# Shelton No. 4



## laadams85 (Mar 21, 2014)

I just found a listing on ebay for a shelton No. 4 plane. It has the older shelton adjustment. The seller is asking $10.00 for it. Is this a good plane, and what would it be used for? What size stanley does it compare to? He is also selling a vintage stanley level which looks really cool.


----------



## tc65 (Jan 9, 2012)

If it is the plane that looks like the one in this diagram, I'd pass on it unless you want it as a novelty. If you are looking for a good user plane, keep looking.

Here is a quote from that site: _"Shelton planes are generally considered a joke as users. The collecting of early Shelton planes is a cheap thrill, as they never command high prices and are somewhat interesting looking on a shelf"

_If it is one of the Stanley Bailey knockoffs with the Bailey type adjustment, it is probably worth purchasing for a user.


----------



## acowboy (Nov 20, 2013)

I took a look, have one...not really a user plane..looks neat..

Stanley, Sargent, and even Union planes in good shape.
And don't count out Miller Falls.
The later has been going up in the Bay pricing probably because they are good.

Edit: Miller falls and Stanley also made a cheaper line of planes, best to stay away from them.

http://home.comcast.net/~rexmill/planes101/planes101.htm

A little information on what to look for


----------



## Fred Hargis (Apr 28, 2012)

I have one I paid $17 for, so I think it's a good price.

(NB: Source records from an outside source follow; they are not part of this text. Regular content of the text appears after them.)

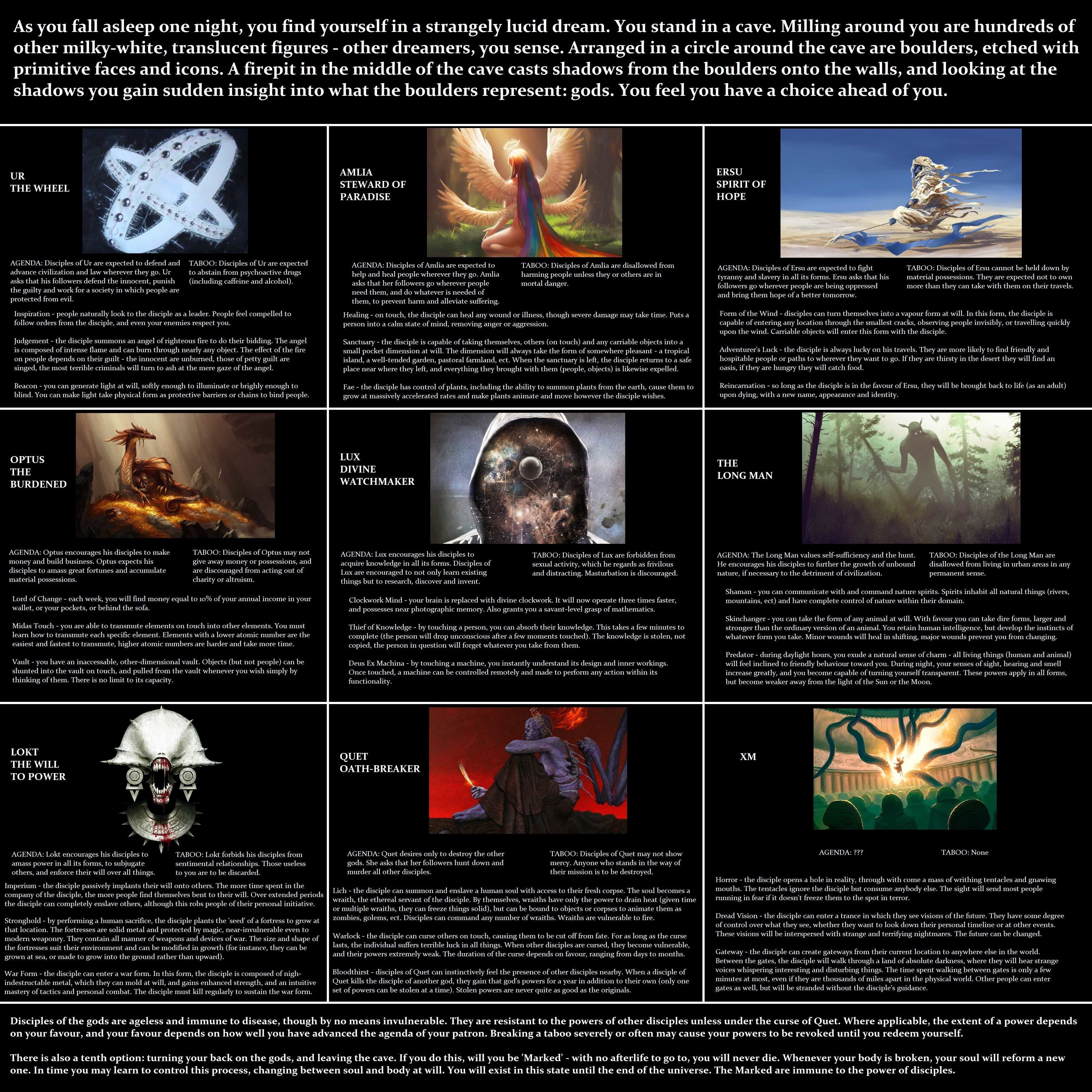 Here's something to think about Flag kalyjama (See more...) next random - Fav Favorite Comment ✖ Top NextComment (Enlarge) In this image there are 9 gods, each god has its disciples with powers and taboos Choose wisely ! next Tags: mind | fuck | gods | God | interesting +17 Views: 2849 Favorited: 7 Submitted: 09/23/2015 Share On Facebook -Favorite +Favorite Unsub from kalyjama Subscribe to kalyjama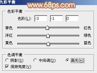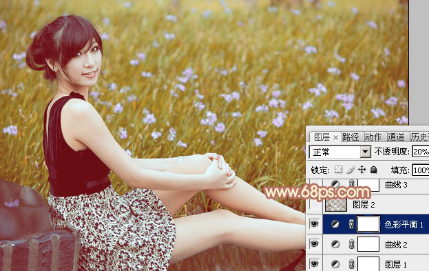 6、创建色彩平衡调整图层,对阴影、中间调、高光进行调整,参数设置如图17 - 19,确定后把图层不透明度改为:20%,效果如图20。这一步微调图片颜色。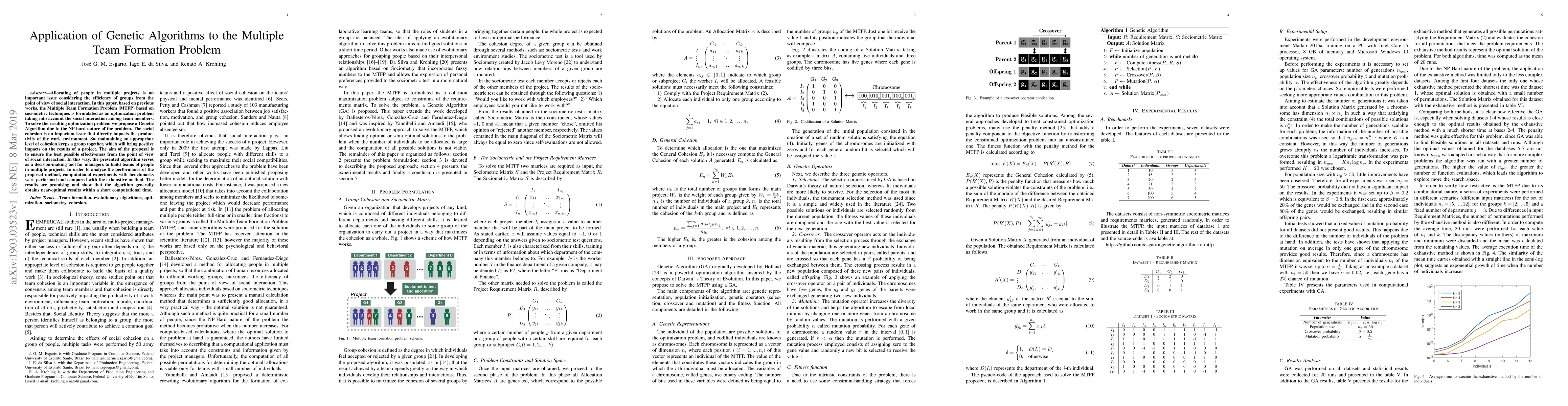 This paper proposes a Genetic Algorithm to solve the Multiple Team Formation Problem (MTFP), optimizing team composition based on social interaction metrics. Computational experiments show promising near-optimal results with reduced computation time compared to exhaustive methods.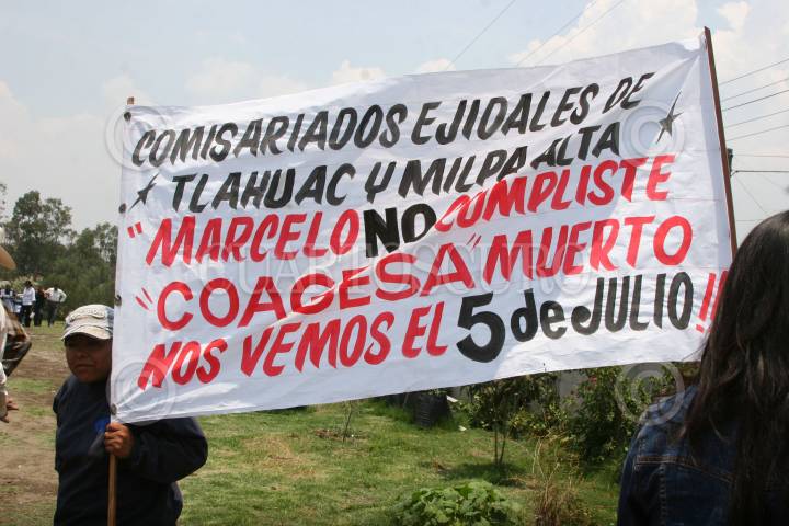 MÉXICO, D.F., 29MAYO2009.- Comisarios ejidatales de Tlahuac y Milpalta se manifestraron com mantas en contra de Marcelo Ebarad jefe de gobiero capitalino durante un evento donde entregó hoy totalmente rehabilitado a productores el huerto de los olivos Santa María Virgen de la Soledad, del Pueblo San Juan Ixtayopan, en la delegación Tláhuac, esto con el propósito de fomentar la producción y venta de la aceituna en la ciudad de México. FOTO: RICARDO CASTELAN/CUARTOSCURO.COM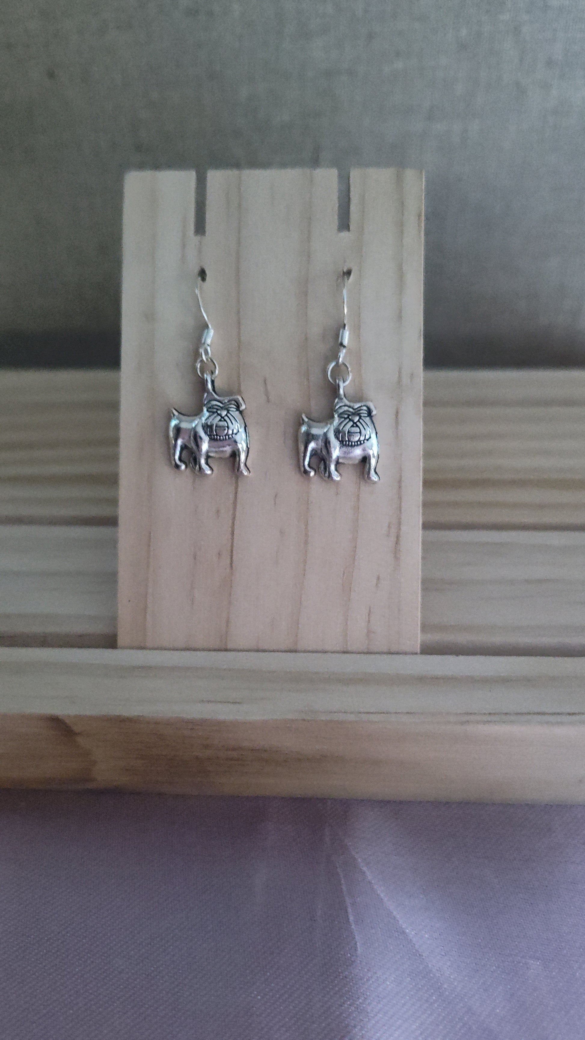 Cute silver dog earrings. Made with sterling silver plated hooks and hypoallergenic as well.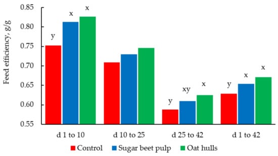 Feed efficiency (g/g) of broiler chickens fed diets containing sugar beet pulp or oat hulls from 1 to 42 d post hatching [62]. Means within the period without a common letter differ (p < 0.05).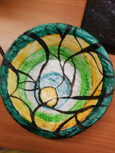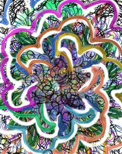 She put her art therapy head on and felt it could represent emotions wanting to escape, perhaps bottled up anger. Certainly it looks a bit like a Catherine wheel. I think the outer part looks like flames. It’s not calm. It’s expressive, but also chaotic. Felt good to paint it. X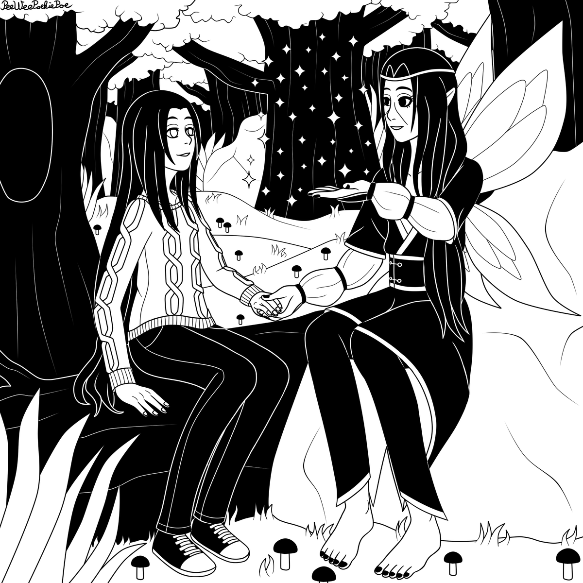 ItaNeji Fantober 2020, Day 12 - Enchanted Forest #Fantober2020 #inktober2020 #ItaNeji #NarutoShippuden #itachi #neji #itachiuchiha #nejihyuga #narutofanart #digitalart #blackandwhiteart #digitalartwork #shonenai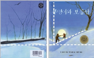 표지를 한번 볼까요? 뒤표지에서부터 이어지는 수평선이 앞표지 왼쪽의 가느다란 나무와 만나 수직을 이루고 있는 것이 보입니다. 수평선과 수직선이 만나고 눈 쌓인 언덕을 오르는 사선이 시작되는 자리에 주요 인물이 배치되어 있습니다. 보름달과 아빠와 아이가 있는 자리에서 수직으로 올라가보면 ‘부엉이’라는 단어의 첫 글자와 만납니다. 수평에서 완만하게 상승하는 사선에 서는 숨을 고르고 천천히 올라갈 준비를 하게 됩니다.
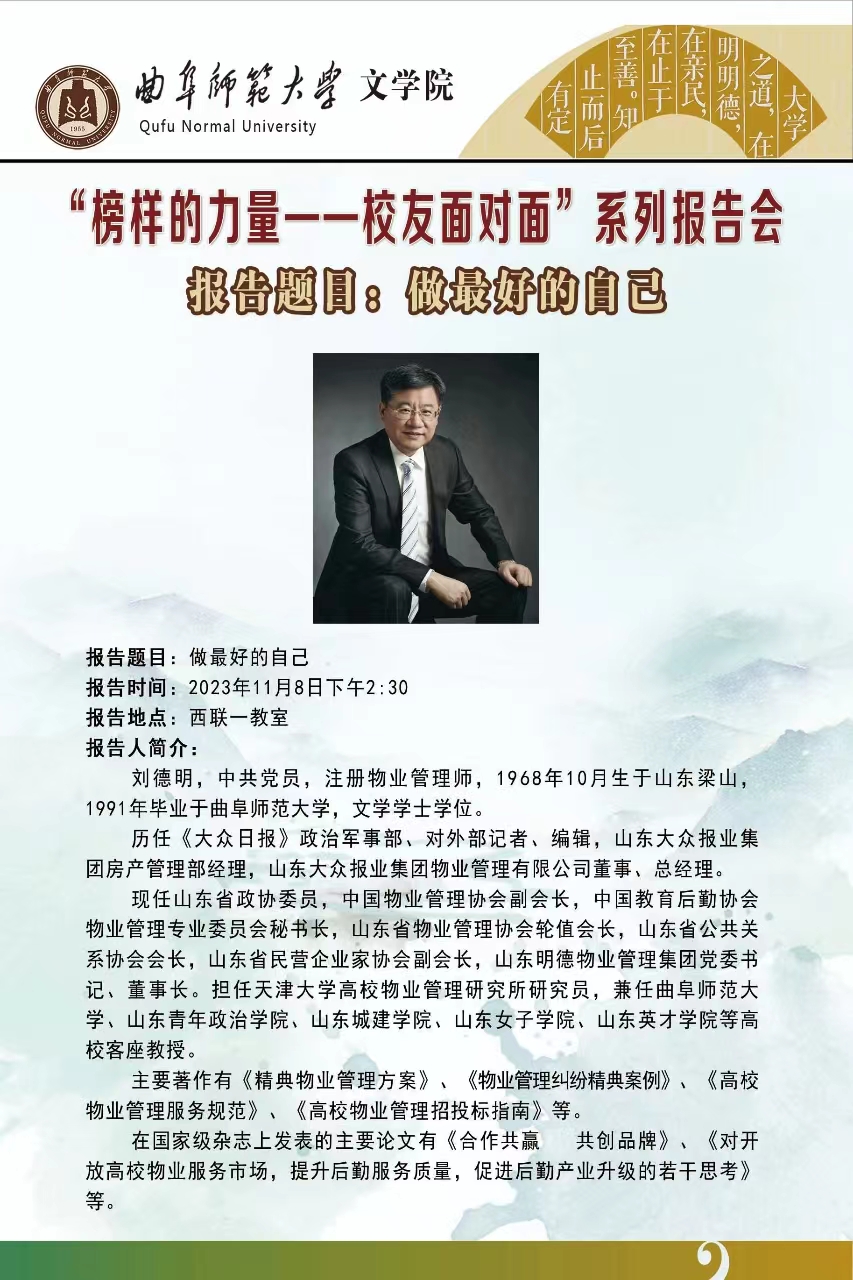 “榜样的力量——校友面对面”系列报告会预告|刘德明:做最好的自己

But Mine is a curiosity piece only, for display. I suppose these things could be made into users but with the broad availability of the others I'm not sure there's a reason to try and bring them back to life.


----------



## laadams85 (Mar 21, 2014)

Yeah it's the older style Shelton. You can see what it looks like here. It's unfortunate that it wouldn't be a good user plane. I'm hoping to find one this summer. Right now I've only been able to look on craigslist as I have been too busy to make it to any interesting estate sales. Right now I have a cheap Kobalt from Lowes that I've been working on to get used to fixing up a hand plane. Hopefully it will hold me over till I can find a good vintage plane.


----------



## Fred Hargis (Apr 28, 2012)

Over the past 2 years I've built a fair collection of vintage users, and not a single one came from CL or e-bay.I'd rather buy from swap and sell listings on forums such as these, and that's where my planes came from. Generally if they come from another woodworker they have been cleaned up and tuned and ready to go. If not, it's typically mentioned. The prices are likely to be closer to true value, and shipping is more reasonable. Anyway, just something to consider.


----------



## gideon (May 26, 2010)

I have a shelton 4 which would clean up very nicely. 

If you're interested in it, I would take 20 bux for it which includes shipping to the lower 48 states. 

I dont have time to clean it and have 4 stanley 4s I use regularly.


----------